Darüber hinaus haben wir festgestellt, dass Aldh1b1, ein Gen, das für ein mitochondriales Enzym kodiert, den Zeitpunkt der Differenzierung im sich entwickelnden Pankreas reguliert. Das Gen wird in allen Vorläuferzellen des Pankreas während der Entwicklung und in wenigen zentroazinären Zellen des adulten Pankreas exprimiert, nicht aber in ausdifferenzierten Pankreaszellen. Die Deaktivierung von Aldh1b1 während der Entwicklung beschleunigt die Differenzierung und beeinträchtigt die Funktionalität der adulten Betazellen. Jüngste Erkenntnisse deuten darauf hin, dass Aldh1b1 ein Stoffwechselregulator ist, der die Erreichbarkeit von Chromatin in den Vorläuferzellen mitbestimmt. Genetische Abstammungsanalysen zeigten, dass die wenigen Aldh1b1-exprimierenden Zellen in der adulten Bauchspeicheldrüse Zellen aller drei pankreatischen Abstammungslinien hervorbringen und dass Aldh1b1 für die Entwicklung von Bauchspeicheldrüsenkrebs erforderlich ist.

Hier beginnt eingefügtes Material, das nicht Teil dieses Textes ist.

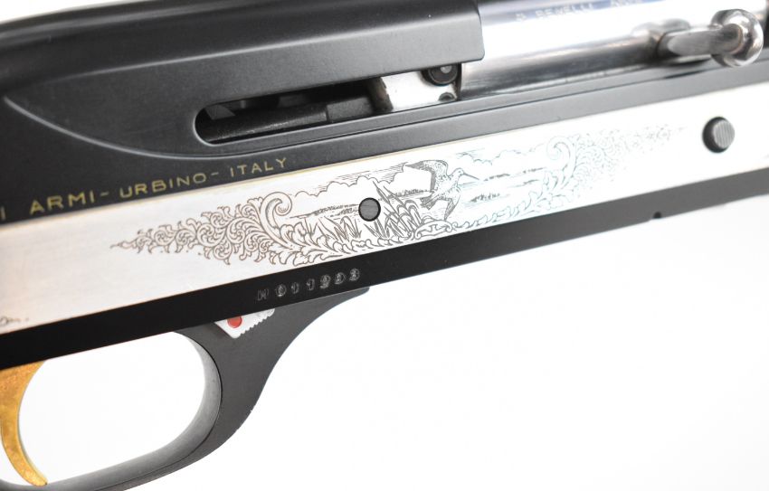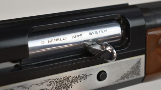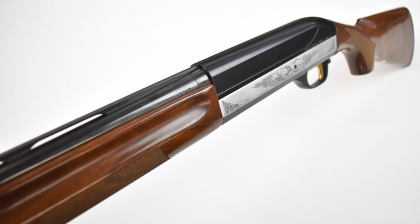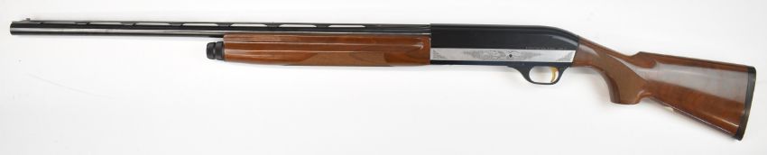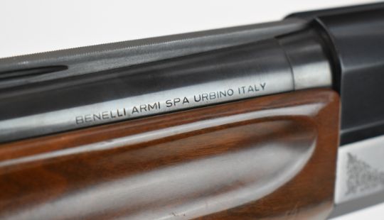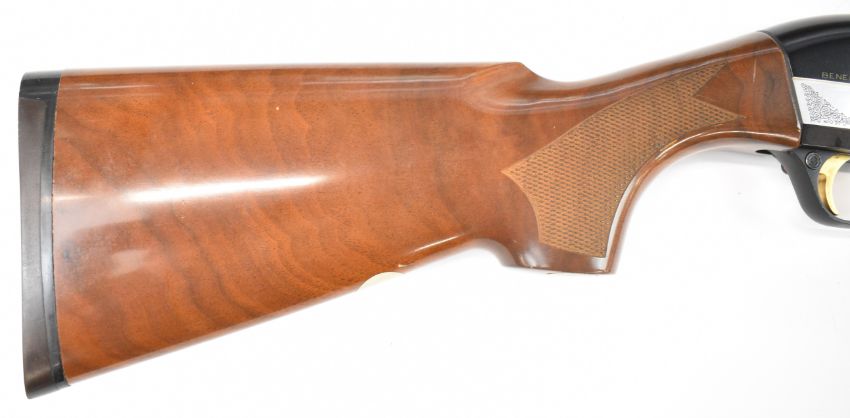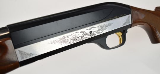 Benelli 20 bore 3-shot semi-automatic shotgun with engraved action, chequered semi-pistol grip and forend, vented rib and 26 inch multi-choke barrel, overall length 114.5cm, length of pull 31cm, serial number N011293. PLEASE NOTE THAT A VALID RELEVANT SHOTGUN CERTIFICATE IS REQUIRED TO VIEW OR PURCHASE THIS LOT AND FOR ALL SHOTGUNS OR RIFLES PLEASE ENSURE YOU HAVE THE RELEVANT CERTIFICATE BEFORE BIDDING.
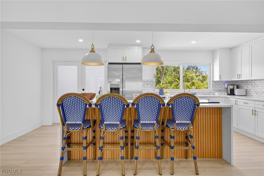 Completed in December 2024, the renovation transformed this 1,714-square-foot property into a high-end, move-in-ready home. Every surface was reimagined-from the custom cabinetry and quartz countertops to the luxury vinyl plank flooring, designer tilework, and impact-rated windows and doors. A standout feature is the enclosed lanai, which expanded the air-conditioned space and allowed for a larger primary suite with a sitting area, workstation, and full spa-style bath. The open-concept living area features a modern kitchen with an oversized island, high ceilings, and water views that flood the space with natural light. Located in The Dunes, residents enjoy pay-to-play and private membership options for club access offering 18-holes of golf, driving range, tennis, pickleball, pool, and dining, with Sanibel's beaches, shops, and trails just a short ride away.

Wir nutzen diese Erkenntnisse, um von hPS-Zellen abgeleitete Vorläuferzellen der Bauchspeicheldrüse zu expandieren und sie effizient in Pankreasinseln mit reifen Betazellen (SC-Inseln) umzuwandeln. Um den Prozess der Identifizierung optimaler Bedingungen zu beschleunigen, haben wir eine Reihe von hPS-Zellreporterlinien und eine automatisierte Bildgebungspipeline entwickelt. Außerdem beziehen wir Endothelzellen und Perizyten in die Differenzierung von SC-Inseln ein, um die Reifung zu beschleunigen und ihre Integration nach der Transplantation zu verbessern. Weitere aktuelle Arbeiten deuten darauf hin, dass Aldh1b1-exprimierende zentroazinäre Zellen tumorauslösende Zellen sein könnten, und wir untersuchen diese Beobachtungen, um die frühen Stadien der Krankheitsentwicklung besser zu verstehen.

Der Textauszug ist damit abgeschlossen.